## Task description
An exact restatement of the data below, with the pictures removed, is the required answer.

## Material to process

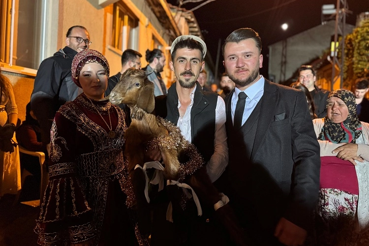 Pazaryeri GÜNDEM (BİLECİK İGFA) Dünya evine giren Gökhan ve Ayşe çiftinin kına gecesi sonrası, gelin Ayşe ve arkadaşları damat evine geleneksel tavuk alma damat aklamak için yola çıktı. Ancak damadın arkadaşları, bu yıl geleneğe farklı bir yorum kattı. Tavuk yerine, gelin ve arkadaşlarının karşısına sevimli bir oğlak çıkardılar.
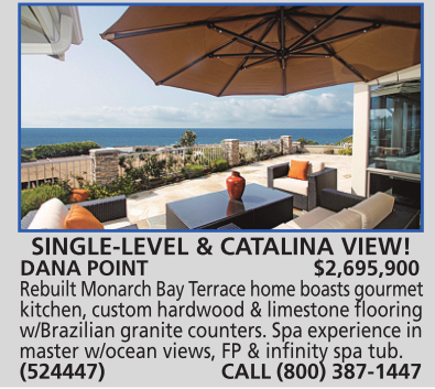 SINGLE-LEVEL & CATALINA VIEW! DANA POINT $2,695,900 Rebuilt Monarch Bay Terrace home boasts gourmet kitchen, custom hardwood & limestone flooring w/Brazilian granite counters. Spa experience in master w/ocean views, FP & infinity spa tub. (524447) CALL (800) 387-1447
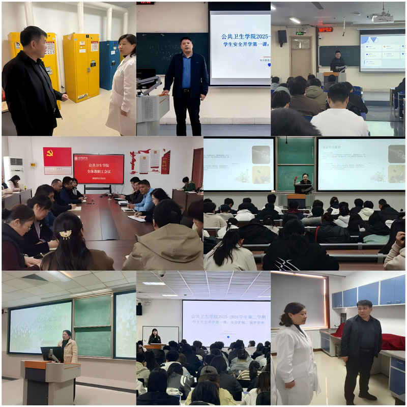 3月6日,学院召开新学期全体教职工会议暨安全开学第一课部署会。会上,公共卫生学院党总支书记卫明武、院长林立就安全开学工作专项部署,要求全体师生深入学习习近平总书记关于安全生产和学校安全工作的重要论述,落实安全政策法规,以典型事故案例以案说法;围绕学生安全、实验室安全、消防安全、心理健康等重点领域提出具体要求,部署各班级开展安全教育主题班会,健全安全隐患排查整治长效机制。当日上午10时,公共卫生学院副院长李印龙带队对学院实验教学中心开展开学前安全专项检查。检查小组聚焦仪器设备运行、水电线路、消防设施、危险化学品管理、实验废弃物处置及安全制度落实等核心环节,全面排查隐患、核对安全台账,压实实验室安全管理责任,为新学期实验教学顺利开展筑牢安全屏障。
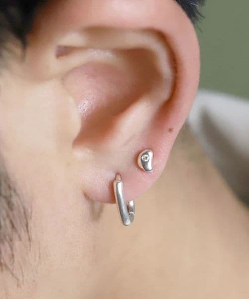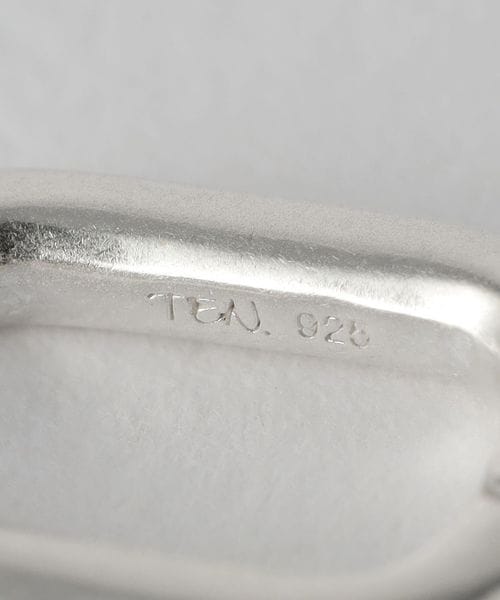 メタリックなシルバーの光沢が印象的な<TEN.>オブロングピアス
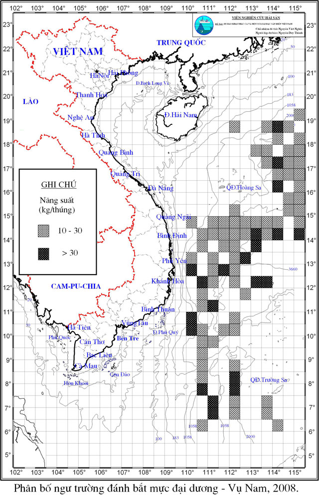 Trang nhất/ Dự báo khai thác theo đối tượng Mực xà, Vụ Nam, Cả vụ năm 2008 Mùa vụ: Vụ Nam (Cả vụ) | Năm dự báo: 2008 | Tháng dự báo: 12/2008 Đối tượng dự báo: Mực xà Cơ quan dự báo: Viện nghiên cứu Hải sản
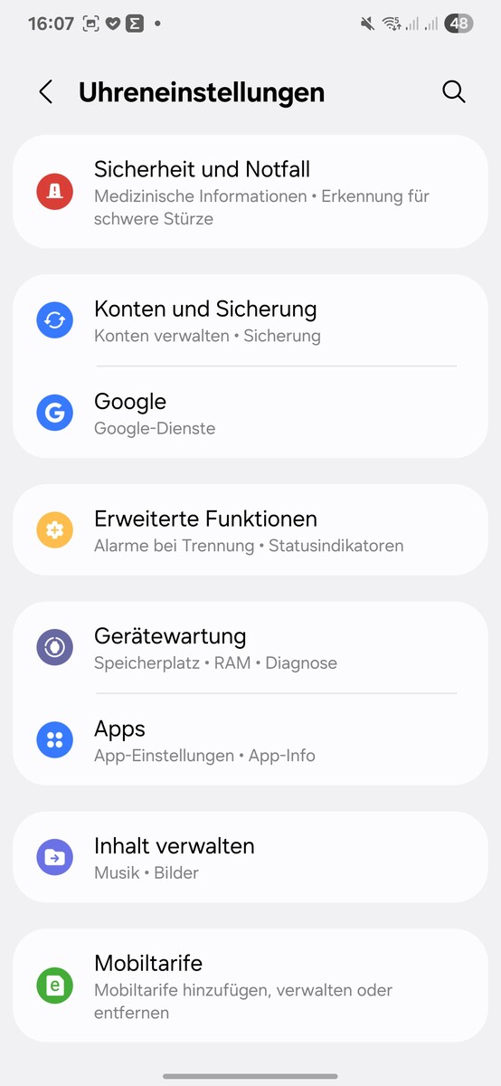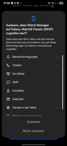 Po pierwszym włączeniu zegarek Galaxy Watch8 Classic jest automatycznie wykrywany przez smartfony Android. Konfiguracja odbywa się za pośrednictwem aplikacji Samsung Wear, która wymaga dodatkowej wtyczki do zegarka. Konto Google jest obowiązkowe, a podczas instalacji należy przyznać liczne uprawnienia.
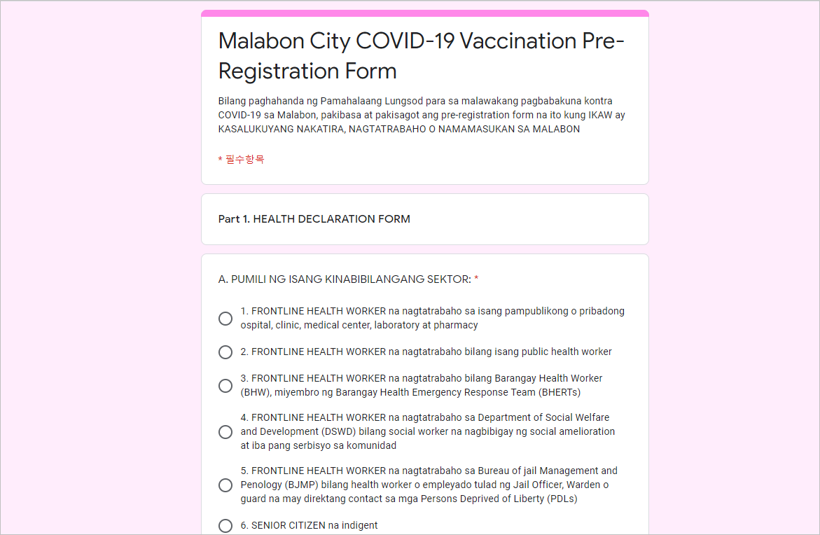 - 백신 접종 신청 : covax.navotas.gov.ph/
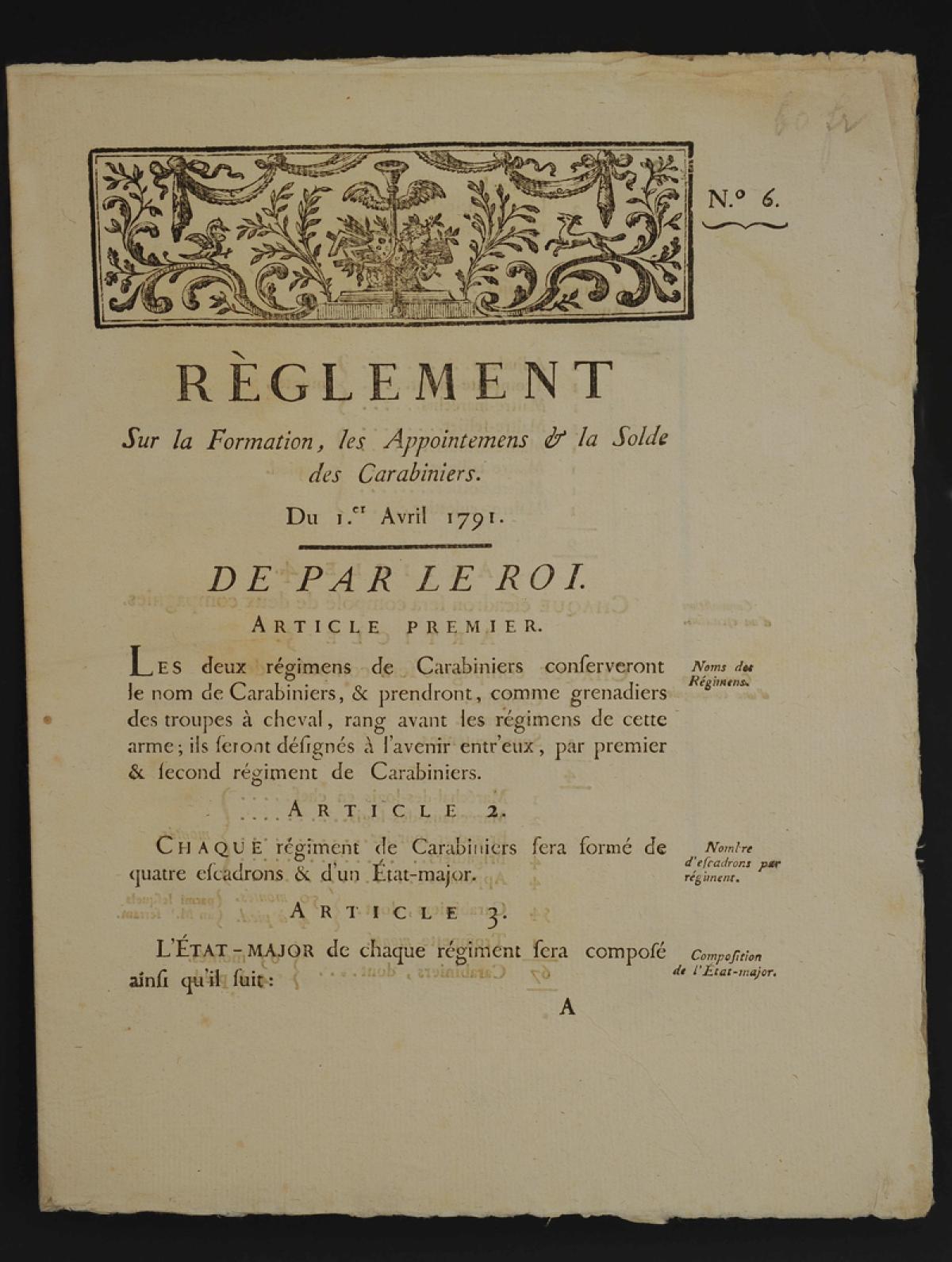 - Belle vignette rectangulaire. Pièce « N° 6 ». RÈGLEMENT SUR LA FORMATION, LES APPOINTEMENTS & LA SOLDE DES CARABINIERS DU 1er AVRIL 1791 DE PAR LE ROI. Feuillets doubles, 11 pages imprimées. 29 articles.

## Answer below
 Pazaryeri GÜNDEM (BİLECİK İGFA) Dünya evine giren Gökhan ve Ayşe çiftinin kına gecesi sonrası, gelin Ayşe ve arkadaşları damat evine geleneksel tavuk alma damat aklamak için yola çıktı. Ancak damadın arkadaşları, bu yıl geleneğe farklı bir yorum kattı. Tavuk yerine, gelin ve arkadaşlarının karşısına sevimli bir oğlak çıkardılar.
 SINGLE-LEVEL & CATALINA VIEW! DANA POINT $2,695,900 Rebuilt Monarch Bay Terrace home boasts gourmet kitchen, custom hardwood & limestone flooring w/Brazilian granite counters. Spa experience in master w/ocean views, FP & infinity spa tub. (524447) CALL (800) 387-1447
 3月6日,学院召开新学期全体教职工会议暨安全开学第一课部署会。会上,公共卫生学院党总支书记卫明武、院长林立就安全开学工作专项部署,要求全体师生深入学习习近平总书记关于安全生产和学校安全工作的重要论述,落实安全政策法规,以典型事故案例以案说法;围绕学生安全、实验室安全、消防安全、心理健康等重点领域提出具体要求,部署各班级开展安全教育主题班会,健全安全隐患排查整治长效机制。当日上午10时,公共卫生学院副院长李印龙带队对学院实验教学中心开展开学前安全专项检查。检查小组聚焦仪器设备运行、水电线路、消防设施、危险化学品管理、实验废弃物处置及安全制度落实等核心环节,全面排查隐患、核对安全台账,压实实验室安全管理责任,为新学期实验教学顺利开展筑牢安全屏障。
 メタリックなシルバーの光沢が印象的な<TEN.>オブロングピアス
 Trang nhất/ Dự báo khai thác theo đối tượng Mực xà, Vụ Nam, Cả vụ năm 2008 Mùa vụ: Vụ Nam (Cả vụ) | Năm dự báo: 2008 | Tháng dự báo: 12/2008 Đối tượng dự báo: Mực xà Cơ quan dự báo: Viện nghiên cứu Hải sản
 Po pierwszym włączeniu zegarek Galaxy Watch8 Classic jest automatycznie wykrywany przez smartfony Android. Konfiguracja odbywa się za pośrednictwem aplikacji Samsung Wear, która wymaga dodatkowej wtyczki do zegarka. Konto Google jest obowiązkowe, a podczas instalacji należy przyznać liczne uprawnienia.
 - 백신 접종 신청 : covax.navotas.gov.ph/
 - Belle vignette rectangulaire. Pièce « N° 6 ». RÈGLEMENT SUR LA FORMATION, LES APPOINTEMENTS & LA SOLDE DES CARABINIERS DU 1er AVRIL 1791 DE PAR LE ROI. Feuillets doubles, 11 pages imprimées. 29 articles.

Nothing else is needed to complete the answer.